The Distinction Between
The difference between being fired and being laid off is a forty eight hour grace period after the fact. Being laid off is a collective experience while being fired is singular. After two days the distinction blurs: either way the job is gone. The Philly Inquirer just laid off a substantial percentage of its staff. In 10 years there will be no distinction between news and entertainment a line already blurred by television’s fashionista sensibility.
Janet Maslin wrote a review of THE BLADE ITSELF in the NYT ( go, Marcus Sakey.) I cringed a little before reading because I’m reading the book, because crime fiction in the Times is there to be mugged like a tourist in Midtown. Well, she did a good job with a book that doesn’t lend itself to easy review. Maslin dissects the story structure and the inherent problem of suspense at the cost of believability. Then she wonders about the author’s voice.
THE BLADE ITSELF is a commercial novel. The only distinction between commercial and literary fiction is emphasis; Marcus Sakey emphasizes suspense. If he hadn’t this book would still be a manuscript. Maslin makes a point about the author’s voice, a bit of Lehane ( Mystic River), a dash of Pelecanos ( I didn’t see that) and of course a dollop of Elmore Leonard with James Ellmore for good measure.
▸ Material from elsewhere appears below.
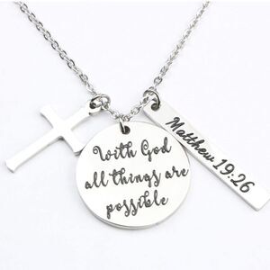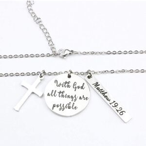 Engraved Bible Verse Necklace. “With God all things are possible” Mathew 19:26. Charm with Cross High quality polished 316L stainless steel. Will never turn black, fade, rust or tarnish. Length is 18” plus 2” extender Comes with jewelry storage pouch. If this is a special gift for someone, please let me know and I will package necklace in a beautiful box😊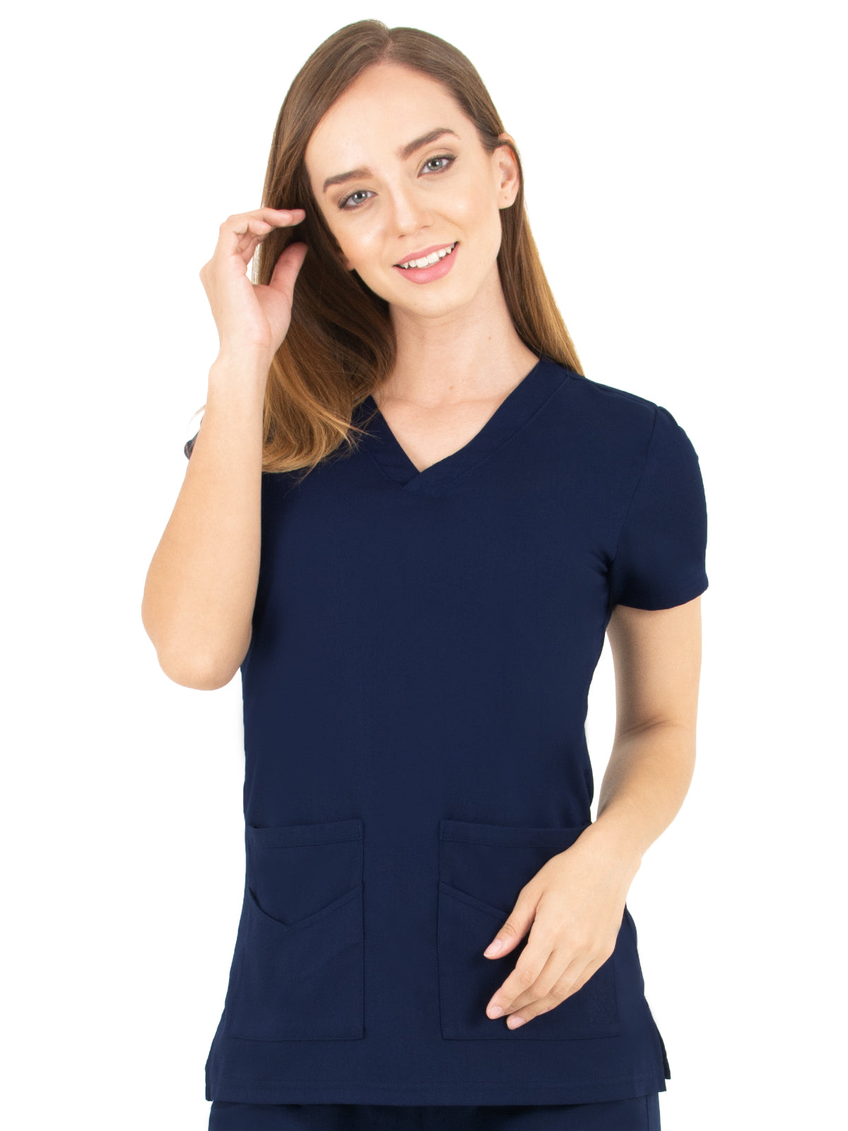 The LifeThreads Ergo 2.0 women's modern fit utility top features two front sectional pockets with six storage slots, front bust and back waist darts, and a banded v-neckline. Center back length: 25.5" (Medium)

This is where her review becomes a shopping list cadged from web site references and the author’s homage to the greats. If a crime novel has dialogue someone will mention Elmore Leonard. This has all the class of a lay-off notice.
THE BLADE ITSELF is a reference to Homer’s observation that “the blade itself incites to violence.” Since no one in the novel hotboxes their smokes I see no Pelecanos derivation, but there are neo-classical references to Aristotle’s POETICS. That’s outrageous.